Rebel soldiers said during the evening they intended to launch an assault on the loyalist army camp in the capital.

As the day progressed, the rebel soldiers looted the Presidential Palace, taking TVs and other goods, while their leader urged them to stop the celebratory gunfire, which had been responsible for at least 20 injuries in the capital.

=====Tuareg advance=====
Inspired in part by the diversion caused by the military coup, Tuareg rebels in the country's north launched incursions deeper into Mali, seizing towns and bases formerly held by government forces fighting the conflict that caused the coup. As military forces were engaged in consolidating their hold on the capital, the rebels were able to push southward with little opposition. According to the MNLA, Malian army forces retreated to Gao.

====23 March====

The African Union suspended Mali, until "effective restoration of constitutional order is achieved without delay".

Several African leaders said they had been in touch with the ousted Malian president and that he was still safe and under the protection of forces that remained loyal to him at an undisclosed location outside Bamako.

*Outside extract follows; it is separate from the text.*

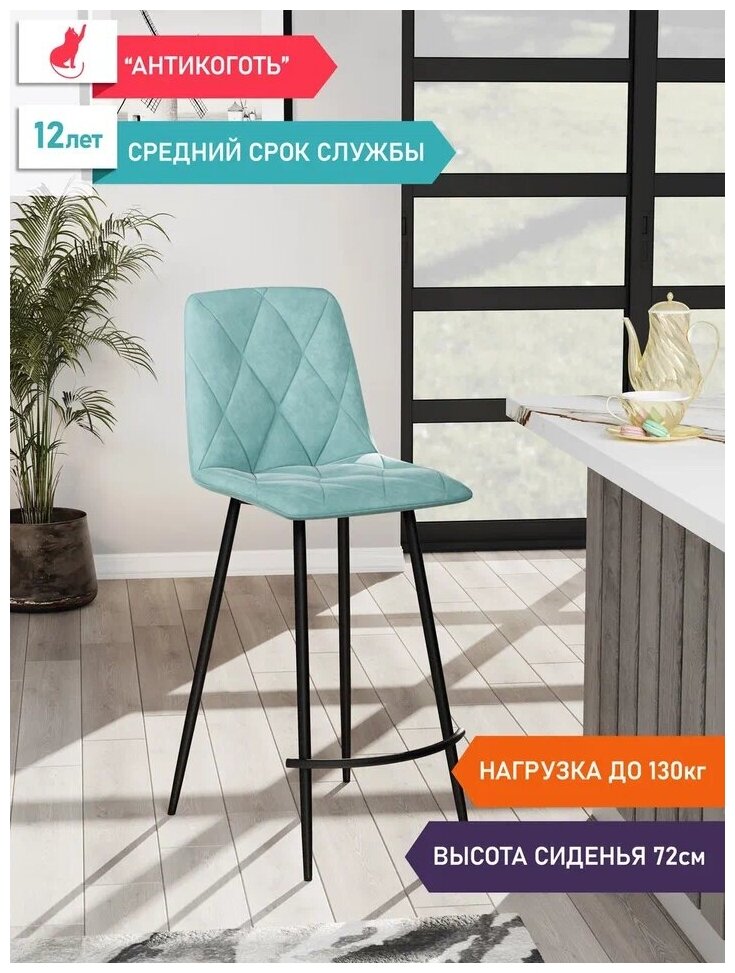 Отзывы на Барный стул Ричи, DecoLine, велюр тиффани, каркас чёрный, антикоготь, 1 шт.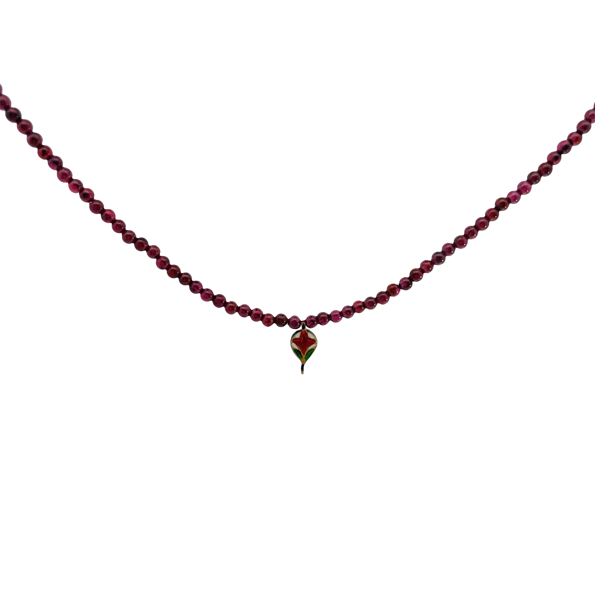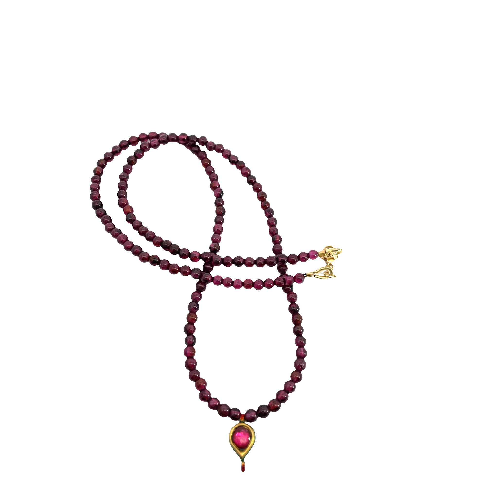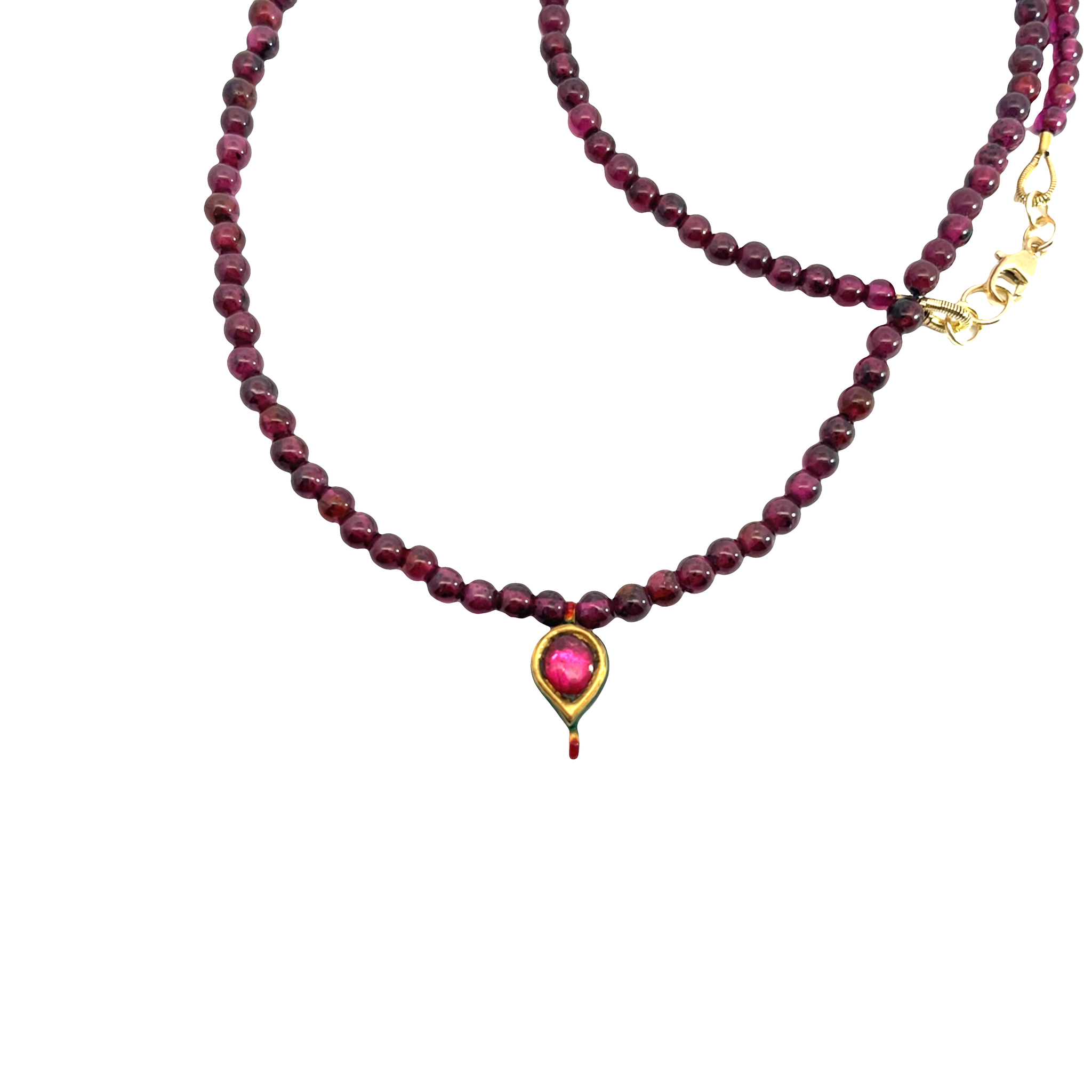 A deep garnet strand paired with a petite Antique 18k gold reversible charm set with a single ruby on one side and Meenakari enamel on the other.

During the day, there were fears by the rebels that the Red Berets were preparing a counterattack against the TV station, and rebel forces set up defensive positions to repel the expected assault. The TV network went off the air several times as gunfire erupted around the station.

According to the BBC's West Africa correspondent, a large number of low-ranking soldiers, possibly the majority, supported the coup, while the majority of the army's officers had not come out publicly to support the coup. Captain Sonogo said in an interview with the BBC that "We are not here to confiscate any power but we are here to have an army and security forces available to assume the national security.... So once this has been fixed, I'll be able to say 'Ok, go for election' in a short period of time. I promise." A joint African Union and Economic Community of West African States (ECOWAS) diplomatic mission met representatives of the junta, according to Mali's state television service.

A group of prominent Malian political figures made an announcement condemning the coup as "a step backwards", including presidential candidate Ibrahim Boubacar Keïta. Political parties that condemned the coup included the Alliance for Democracy in Mali, the Union for the Republic and Democracy, the Patriotic Movement for Renewal, the Union for Democracy and Development, the Union of Democratic Forces for Progress, the Solidarity and Progress Party, the Democracy and Justice Party, and the Party for Democracy and Progress.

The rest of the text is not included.